The key insight: serverless functions compose naturally into event-driven pipelines. Each function does one thing, triggered by one event type. Scaling is automatic — if 10,000 files arrive simultaneously, Lambda spins up 10,000 concurrent executions (within concurrency limits).

SQS as a buffer between Lambda invocations is a particularly useful pattern — it decouples producers from consumers, provides retry logic, and handles backpressure automatically.

Decision Matrix

Use this to guide your architecture decisions:

Criterion FaaS (Lambda/Functions) CaaS (Fargate/Cloud Run) Kubernetes
Execution duration < 15 min Hours/continuous Unlimited
Traffic pattern Spiky / zero-to-N Variable but sustained Predictable / high
Custom dependencies Limited Full container Full container
Cold start tolerance Depends on use case Low (min instances) Not applicable
Operational overhead Minimal Low High
Max unit of scale Function Container instance Pod/node
Stateful workloads No Limited Yes
Cost at high sustained load Can be expensive Moderate Efficient
Multi-step workflows Step Functions needed In-process possible Flexible

Real-World Use Cases

FaaS is the right choice for:

  • Webhook processors (GitHub, Stripe, Twilio callbacks)
  • Scheduled jobs (nightly reports, cleanup tasks)
  • File processing pipelines (image resizing, document parsing on upload)
  • Lightweight API backends for mobile apps with variable traffic
  • Stream processing (Kinesis, DynamoDB Streams consumers)
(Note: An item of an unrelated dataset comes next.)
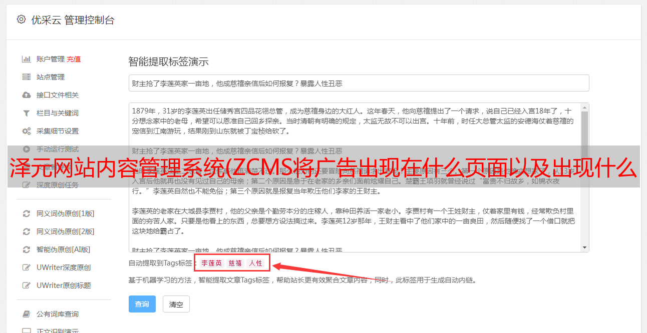 优采云 发布时间: 2021-10-09 06:17泽元网站内容管理系统(ZCMS将广告出现在什么页面以及出现什么位置广告版位

CaaS is the right choice for:

  • Web APIs and microservices that need container portability
  • Long-running batch jobs exceeding Lambda’s 15-minute limit
  • Applications with complex native dependencies (ML inference, video processing)
  • Services requiring WebSocket connections or server-sent events
  • Teams already using Docker who want serverless benefits without FaaS constraints

Kubernetes is the right choice for:

  • Multi-tenant platforms with complex scheduling requirements
  • Workloads requiring persistent storage with specific performance characteristics
  • Applications needing fine-grained control over networking and security
  • Stateful services (databases, message brokers) run as containerized workloads

Conclusion

The FaaS vs CaaS decision isn’t binary, and real architectures often use both. Your event-driven background processing might be Lambda; your user-facing API might be Cloud Run; your data platform might be Kubernetes. Each execution model has a sweet spot.

The core question to ask: “What does this workload look like in terms of duration, trigger type, and traffic pattern?” Short, event-triggered, spiky — FaaS. Container-based, HTTP-driven, moderate scale — CaaS. Complex, stateful, high-throughput — Kubernetes. Don’t let hype drive the decision. Model the cost, test the cold starts, and match the tool to the actual workload shape.